PELALAWAN, Faktacepat.id – Wakil Bupati Pelalawan, Husni Tamrin, menghadiri kegiatan syukuran dimulainya program peremajaan (replanting) kebun kelapa sawit di Koperasi Produsen Unit Desa (KPUD) Sejahtera SP 6, tepatnya di Hamparan 117 Kelompok Balam, Desa Makmur, Kecamatan Pangkalan Kerinci, Rabu (8/4/2026).
Kegiatan tersebut menjadi tanda awal dimulainya proses peremajaan kebun sawit milik masyarakat yang tergabung dalam koperasi. Program ini bertujuan meningkatkan kembali produktivitas tanaman yang sudah memasuki usia tua, sekaligus memperbaiki kualitas hasil panen ke depan.
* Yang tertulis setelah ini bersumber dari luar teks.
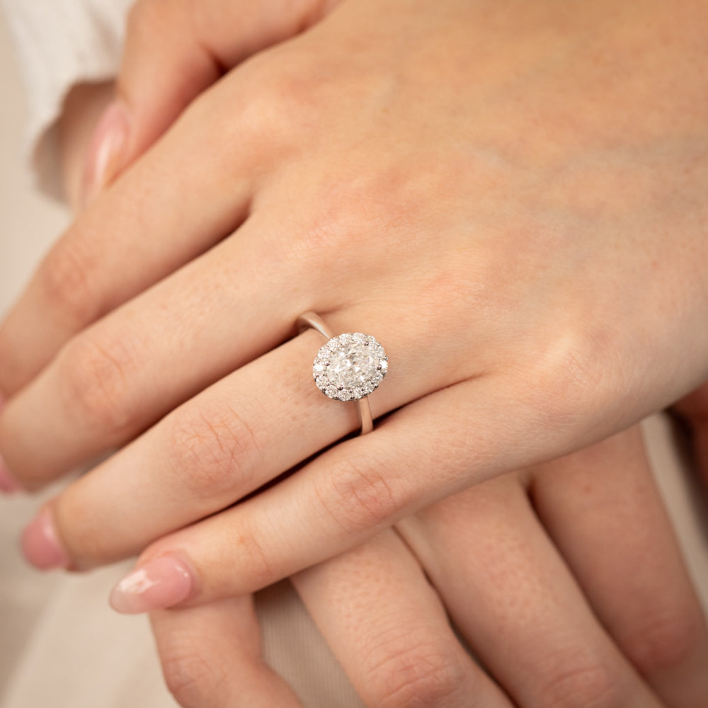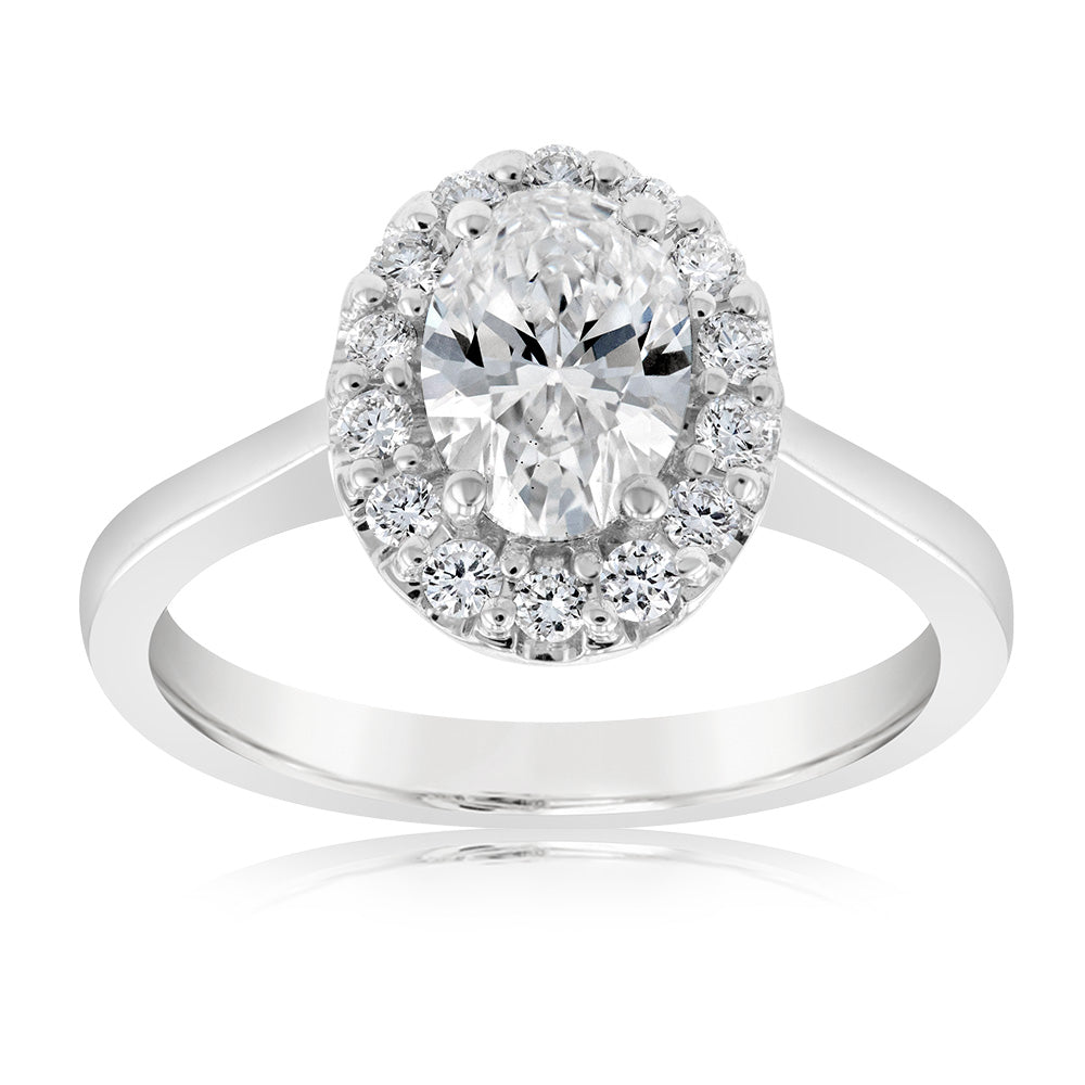 Luminesce Lab Grown 18ct White Gold 1.3 Carat Diamond Oval Halo Ring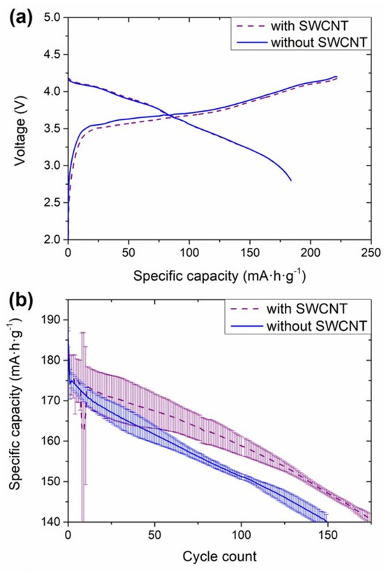 - Landi, B.J.; Ganter, M.J.; Cress, C.D.; DiLeo, R.A.; Raffaelle, R.P. Carbon Nanotubes for Lithium Ion Batteries. Energy Environ. Sci. 2009, 2, 638. [Google Scholar] [CrossRef]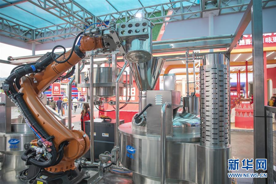 10月17日,在重庆国际博览中心火锅美食文化节现场,一台机器人炒料机在演示如何进行自主炒料。 日前,第十二届中国(重庆)火锅美食文化节暨国际食材博览会在重庆国际博览中心开幕。本届火锅节由往年的“一节”升级为“一会一节”,扩大火锅产业的交流、对话、交易平台。在为期3天的时间里,活动将给食客带来一场麻辣狂欢盛宴。 新华社记者 黄伟 摄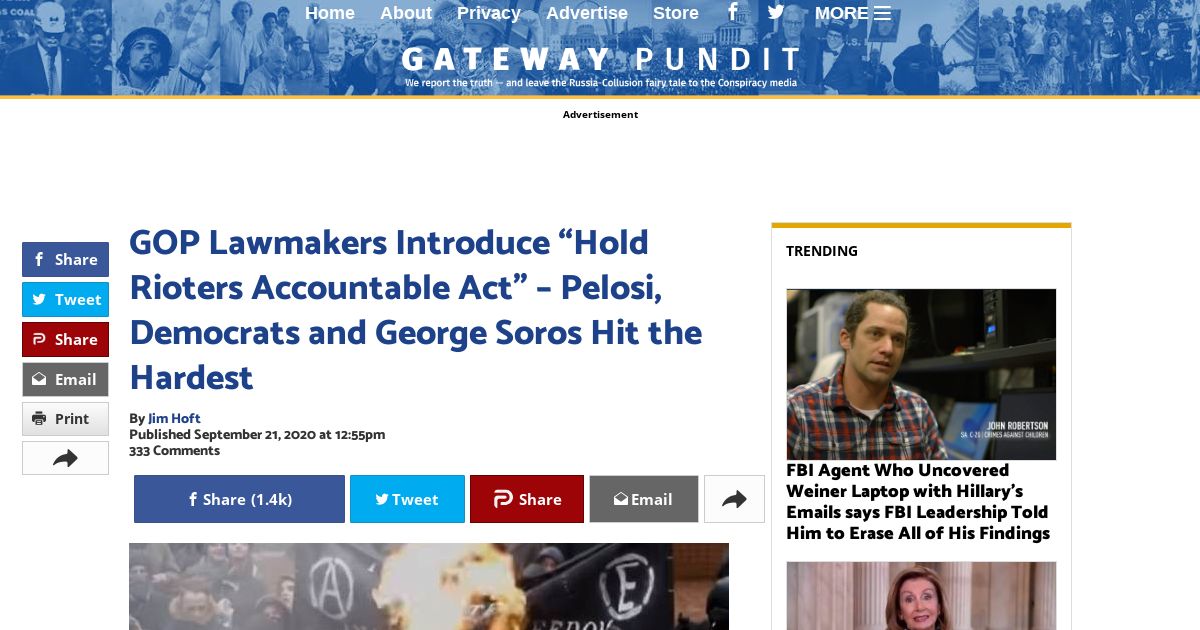 https://www.thegatewaypundit.com:443/2020/09/gop-lawmakers-introduce-hold-rioters-accountable-act-pelosi-democrats-george-soros-hit-hardest/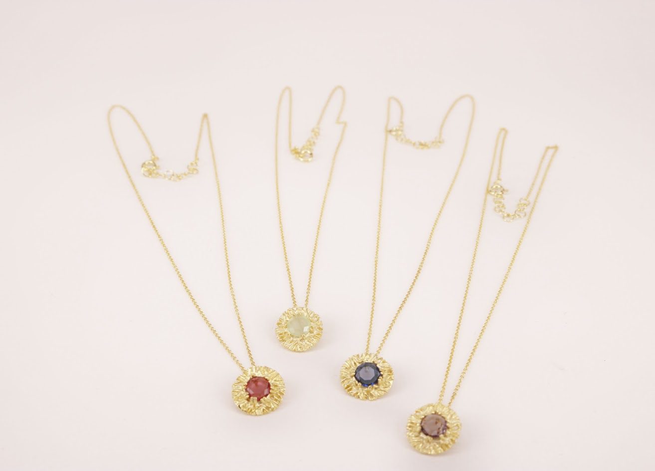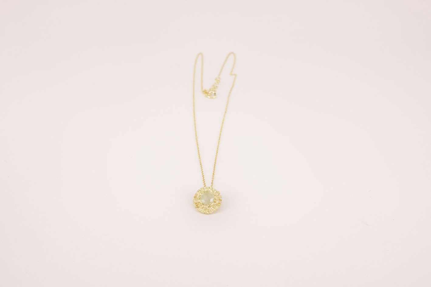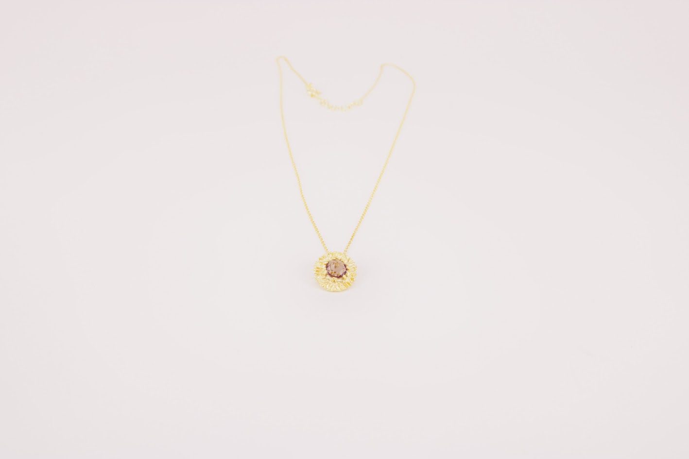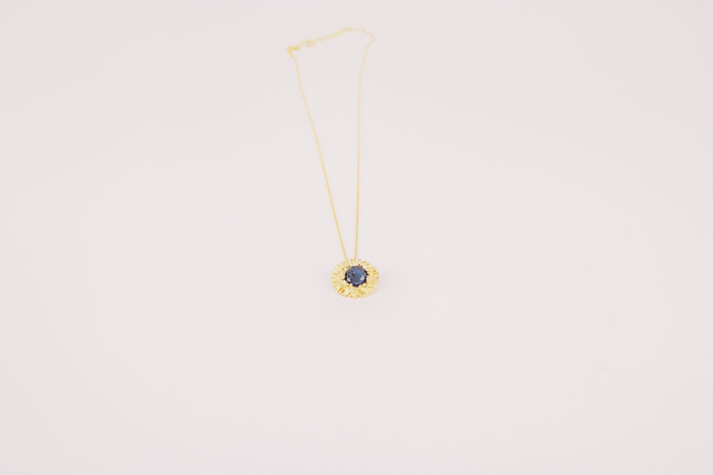 Colar em prata de lei com peça central redonda com efeito rendilhado com a inserção de uma pedra sintética redonda ao centro.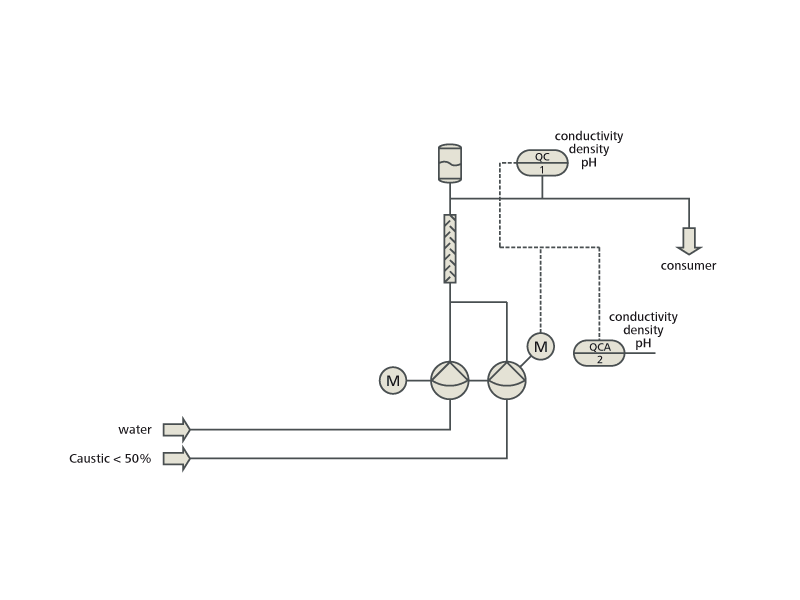 碱溶液,如氢氧化钠,通常指市售浓度不小于 50% 的溶液。碱溶液稀释是一种可控流程,可防止发生沉淀和极端放热反应。

Acara berlangsung dalam suasana kebersamaan dan dihadiri berbagai pihak, mulai dari perwakilan perusahaan Asian Agri, anggota DPRD Pelalawan, Sekretaris Daerah Tengku Zulfan, jajaran OPD, camat, hingga kelompok tani dan pengurus koperasi.
Dalam sambutannya, Husni Tamrin menegaskan bahwa replanting merupakan langkah penting untuk menjaga keberlanjutan sektor perkebunan sawit yang selama ini menjadi penopang utama perekonomian masyarakat di daerah tersebut.
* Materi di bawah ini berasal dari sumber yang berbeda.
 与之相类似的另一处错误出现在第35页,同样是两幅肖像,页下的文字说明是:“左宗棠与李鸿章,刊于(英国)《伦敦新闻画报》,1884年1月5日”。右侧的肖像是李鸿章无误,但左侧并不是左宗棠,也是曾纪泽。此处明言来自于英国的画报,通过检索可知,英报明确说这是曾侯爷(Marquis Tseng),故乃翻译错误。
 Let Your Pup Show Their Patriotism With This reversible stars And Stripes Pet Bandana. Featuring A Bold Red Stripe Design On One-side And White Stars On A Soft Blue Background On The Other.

Ia menjelaskan, banyak kebun sawit milik warga yang sudah tidak lagi produktif karena usia tanaman yang tua. Oleh sebab itu, peremajaan dengan menggunakan bibit unggul dan pengelolaan yang lebih baik dinilai sebagai solusi untuk meningkatkan hasil produksi.
“Program ini bukan sekadar mengganti tanaman lama, tetapi bagian dari upaya jangka panjang untuk meningkatkan kesejahteraan petani. Dengan bibit berkualitas dan perawatan optimal, hasilnya tentu akan lebih baik,” ujarnya.
Meski demikian, ia mengingatkan adanya tantangan yang akan dihadapi petani pada masa awal replanting. Tanaman yang baru ditanam membutuhkan waktu beberapa tahun sebelum kembali menghasilkan, sehingga pendapatan petani berpotensi menurun sementara waktu.
Menurutnya, kondisi tersebut perlu diantisipasi melalui perencanaan yang matang serta dukungan dari berbagai pihak. Ia berharap koperasi dan kelompok tani dapat berperan aktif membantu anggotanya, baik dalam pengelolaan keuangan maupun pemanfaatan lahan selama masa tunggu.
Selain itu, Husni Tamrin juga menekankan pentingnya kolaborasi antara pemerintah daerah, perusahaan, dan lembaga terkait agar program replanting berjalan optimal. Dukungan dalam bentuk pendampingan, pembiayaan, hingga penerapan teknologi pertanian dinilai sangat dibutuhkan.
“Sinergi semua pihak menjadi kunci keberhasilan program ini, sehingga manfaatnya benar-benar dirasakan oleh masyarakat,” tutupnya.